Data organization has been one of Excel’s biggest benefits with its unique capacity and ability to organize large streams of data into orderly sheets and charts.

With our data being organized, analysis of the data gets a lot easier.

Excel’s formula and calculation capabilities are also top-notch, and our topic of discussion today is **How to Switch Axis in Excel.**

When representing data in various forms in Excel, we may need to make use of charts containing X and Y-axis – that is the horizontal and vertical axis respectively – and then we may come to a point in our data organization when we feel like Switching Axis on the Chart.

It’s quite simple and straightforward and in this course, I will be showing you how you can do this with some simple steps.

Let’s get started!

## Here’s How to Switch Axis in Excel (Switch X and Y-Axis)

### Understanding the Axis of Charts

It has become common knowledge from mathematics that when a chart graph is drawn, it comprises of axis and this axis is what forms the base for data representation on the chart.

The Y and X-axis are axes in the Cartesian coordinate and they two together form the coordinate plane.

Some chart graphs contain up to three axes (X, Y, and Z). X Y and Z axes are used to represent 3D drawings in mathematics while the X and Y-axis are used to represent 2D drawings.

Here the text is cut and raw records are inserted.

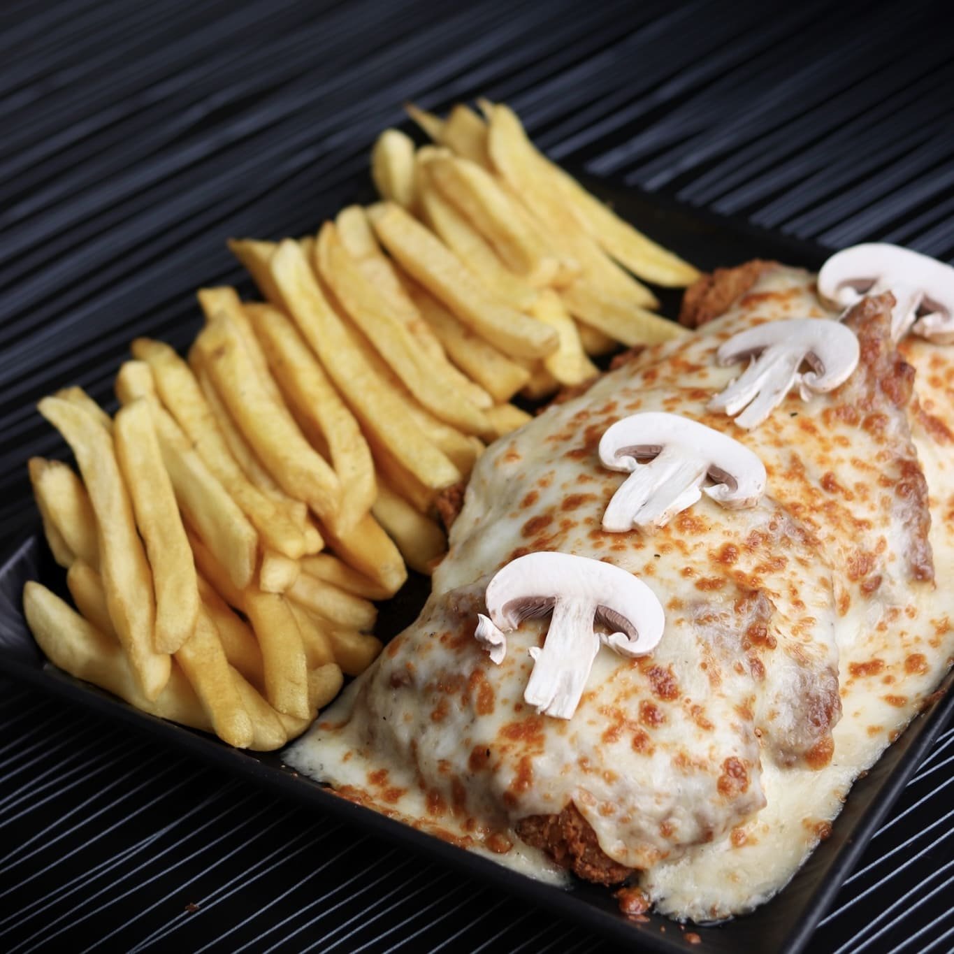 قطع عدد 4 من الدجاج المقلي المقرمش يقدم مع سلطة كول سلو و صوص الكريم وجبنة الموزاريلا الذائبة المحمرة مع فطر فريش و أصابع بطاطا و مايونيز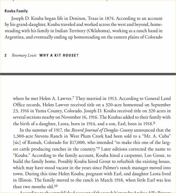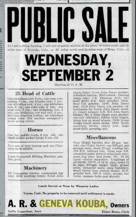 1917 "Mr. and Mrs. J.D. Kouba of Happyville were in Wray Saturday fixing up the necessary papers in the purchase of a ranch near Castle Rock."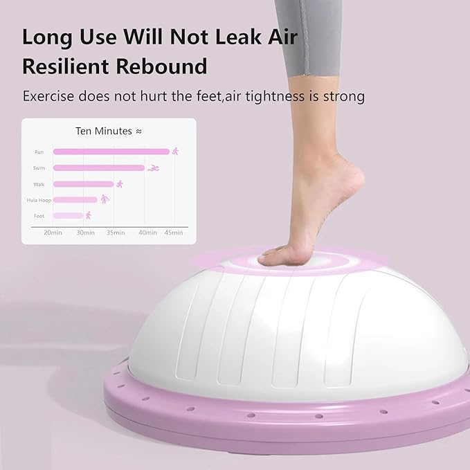 Half Balance Ball Trainer - Balance Ball Trainer with Resistance Bands and Foot Pump,Stability Ball for Exercise, Full-Body Workouts, Home Gym pink

For the purpose of this course however, we shall be dwelling on the X and Y-axis.

When a chart is created, either bar or column, X and Y-axis will always emerge.

The Y-axis represents the vertical component of the chart while the X-axis represents the horizontal component of the chart.

The significance of these axes is that values from our dataset find representation on each of the axis according to the user’s preference.

Let’s dive deeper now by gaining an understanding of how to produce a scatter chart in Excel.

This will help us gain a more in-depth understanding of what and how an axis looks like in Excel and gain insight on how to switch axis in Excel.

In making a quick illustration of a chart on Excel, let’s assume the dataset below containing goods in a particular store, their prices and amount sold.

Price values are represented in column B, and we have the amount sold in column C.

Now that we have our dataset outlined above, we now proceed to develop a scatter chart.

In creating a chart, we follow the steps outlined below:

- The first thing to do is to mark the range of values you wish to represent on the chart (for the dataset above B1:C12)
- Now move to the insert tab
- On getting to the insert tab, click on the scatter chart icon.
- Then click on it.

The immediate implication of following these steps is that you will get a chart just like the one shown below.

Considering the chart shown below, both the Y and X-axis has been indicated with an arrow.

If you pay detailed attention to the chart above, you will discover that the price column is represented on the X-axis and the amount sold is represented on the Y-axis.

Don’t forget, the Y-axis is the vertical axis while the horizontal axis is the X-axis.

Excel decides the range that needs to be shown in the axis when you want to produce a chart.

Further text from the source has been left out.